Saturday, August 4, 2012

Why Public School's Social Skills Stink Part 6: Peers

I have come up with 6 reasons why public schools are one of the worst places to learn social skills. If children come out of public school with social graces, I place most of the credit on their parents, communities, and the parents of their friends.  NOT on the public school system. I will post these six reasons separately (because I'm very opinionated about this and need space to vent.)

Reason 1: You only associate with children your same age.
Reason 2: You only have friends the same gender as you.
Reason 3: You are not friends with your siblings.
Reason 4: Teachers, in a broken system, have a hard time making a positive influence socially on the children they teach.
Reason 5: Public school monitors do not teach social skills.
Reason 6: Peers matter more then parents and other caring adults.

I have a friend who is an incredible mom who is very involved and thoughtful in her parenting.  She said she would never homeschool because she believed that her children needed socialization for much of the day every day, and where she lived, that would be too hard to do if she homeschooled.

I know many people feel the same as her.  Being forced to spend most of the day every day with peers takes away boredom, shyness, boosts self-esteem, takes away awkwardness, and teaches kids how to get along.  WRONG!

More and more studies are proving the opposite.  Yes children need other children in their lives, but they need parents and caring adults a lot more.

Introducing one of the best books ever:

I recently reread "Hold On to Your Kids" by Gordon Neufeld.  This is not a homeschool book at all.  It is a child psychology/parenting book. Often in the book he shares the extreme of what happens when peers are more important then parents, but this book still sheds light on parent/child relationships in a very poignant way.

This is basically the premiss of the book: Children today increasingly look to their peers for direction-their values, identity, and codes of behaviour.  This "peer orientation" undermines family cohesion, interferes with healthy development, and fosters a hostile and sexualized youth cutler.  Children end up becoming overly conformist, desensitized, and alienated, and being "cool" matters more to them than anything else.  We need to "reattach" to our sons and daughters.

Here are some quotes from the book:

Parents ask "Aren't our children meant to become independent of us?" Absolutely, but only when our job is done and only in order for them to be themselves.
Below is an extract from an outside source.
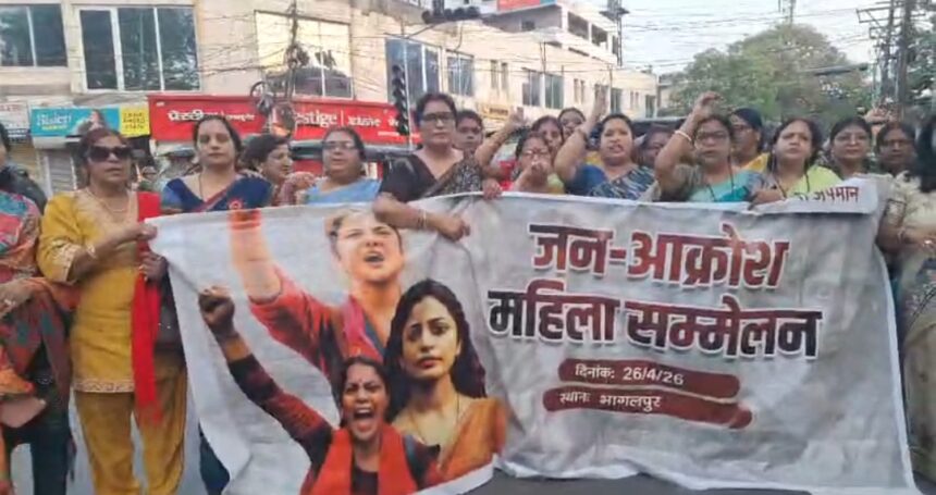 नारी सम्मान और अधिकारों को लेकर भागलपुर की सड़कों पर आज महिलाओं का गुस्सा खुलकर सामने आया। नारी शक्ति वंदन अधिनियम संशोधन को लेकर सियासत के बीच भाजपा और एनडीए से जुड़ी महिला कार्यकर्ताओं ने आक्रोश रैली निकालते हुए जोरदार प्रदर्शन किया। रैली में बड़ी संख्या में महिलाओं ने हिस्सा लिया और हाथों में तख्तियां लेकर विपक्ष के खिलाफ जमकर नारेबाजी की। प्रदर्शनकारियों का आरोप था कि नारी शक्ति से जुड़े इस अहम मुद्दे पर विपक्ष भ्रामक बयानबाजी कर रहा है, जिससे महिलाओं की गरिमा को ठेस पहुंच रही है।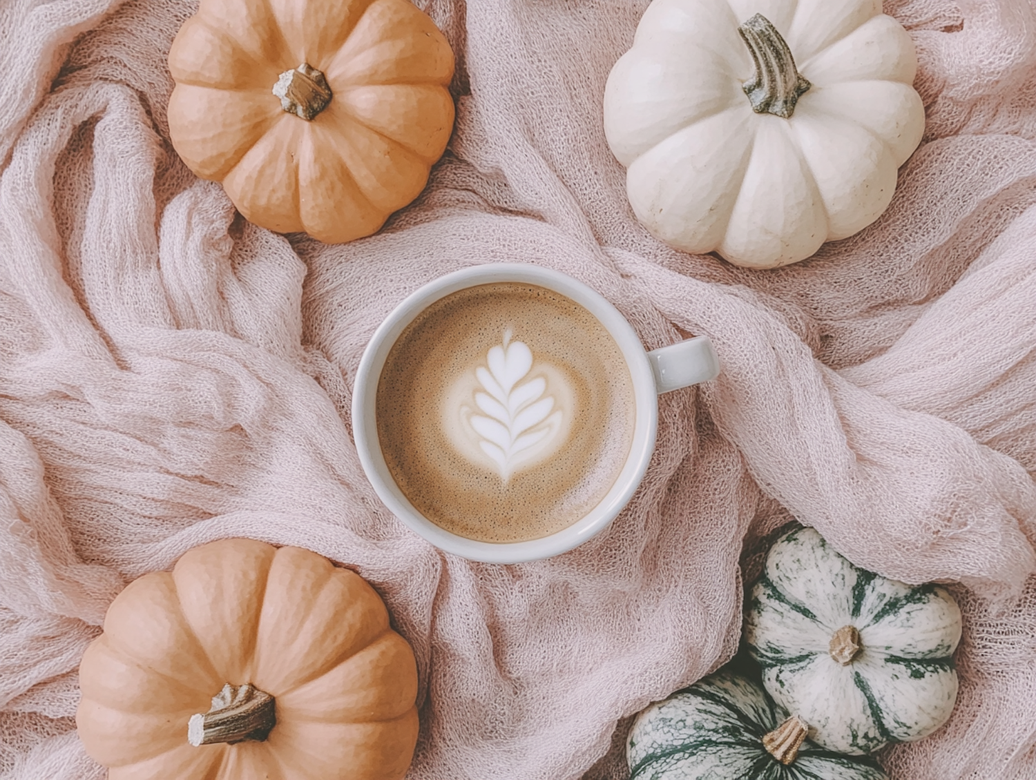 Cozy autumn scene with a latte surrounded by pumpkins on a soft pink fabric, evoking warmth and seasonal charm.

Fitting in with the immature expectations of the peer group is not how the young grow to be independent, self-respecting adults.

The ultimate ethic in the peer culture is "cool"-the complete absence of emotional openness......In such an environment genuine curiosity cannot thrive, questions cannot be freely asked, naive enthusiasm for learning cannot be expressed.  Risks are not taken in such an environment, nor can passion for life and creativity find their outlets.

What they learn, however, is not the value of thinking, the importance of individuality, the mysteries of nature, the secrets of science, the themes of human existence...What children learn from their peers is how to talk like their peers, walk like their peers, dress like their peers, act like their peers, look like their peers.  In short, what they learn is how to conform and imitate.

Boredom is epidemic among the peer-oriented.

The belief is that socializing-children spending time with one another-begets socialization: the capacity for skillful and mature relating to other human beings.  There is no evidence to support such an assumption despite its popularity.

When a child knows her own mind and values the separateness of another's mind, then-and only then-is she ready to hold on to her sense of self, while respecting that of the other person.  Once this developmental milestone is achieved, social interaction will hone the child's individuality and hone his relationship skills as well.

It's not that children shouldn't spend time with one another, but we should not expect such play to meet their deepest needs.

Well, maybe that gives you an idea of this book's point.  Parents need to matter more then peers, and in the book it does help guide parents on how to make that happen, but it is in the last half of the book, which kind of drove me crazy, but it's still an eyeopener book.

Throughout the book, it seems evident that he is talking primarily to parents with children in public school on how to make sure their children don't get sucked into peer orientation and explains how just because children go to public school doesn't mean they have to be dependent on their peers.  And of course I know that many public school parents make sure that they never lose the attachment that they need with their kids.  So "Reason 6" is NOT something that I believe happens to all public schoolers by any means. 

However, it does happen to many kids in public school because of the nature of the system, and it seems that the parents and caring adults that do "hold on to their kids" do so DESPITE the public school system.

Honestly, because of the community in which I now live, my boys hardly have a day pass that they are not spending time with peers.  But it's easy to hold on to them and collect them because we are usually all together, and if we're not together, I am friends with the peer's parents, and know the child and they know me.  In the homeschool life style, that's just how it is.

SO! There you have it!  My 6 long-winded explanations about why I don't think public school teaches good social skills!

PS-There is one thing that I think the public school system is good at socially. If a child is awkward, eccentric, or different, the public school social scene is a great place to turn these eccentricities into repressed insecurity. Not that I think this is a good thing, but so many people are so scared of awkwardness, that for them it might be worth it.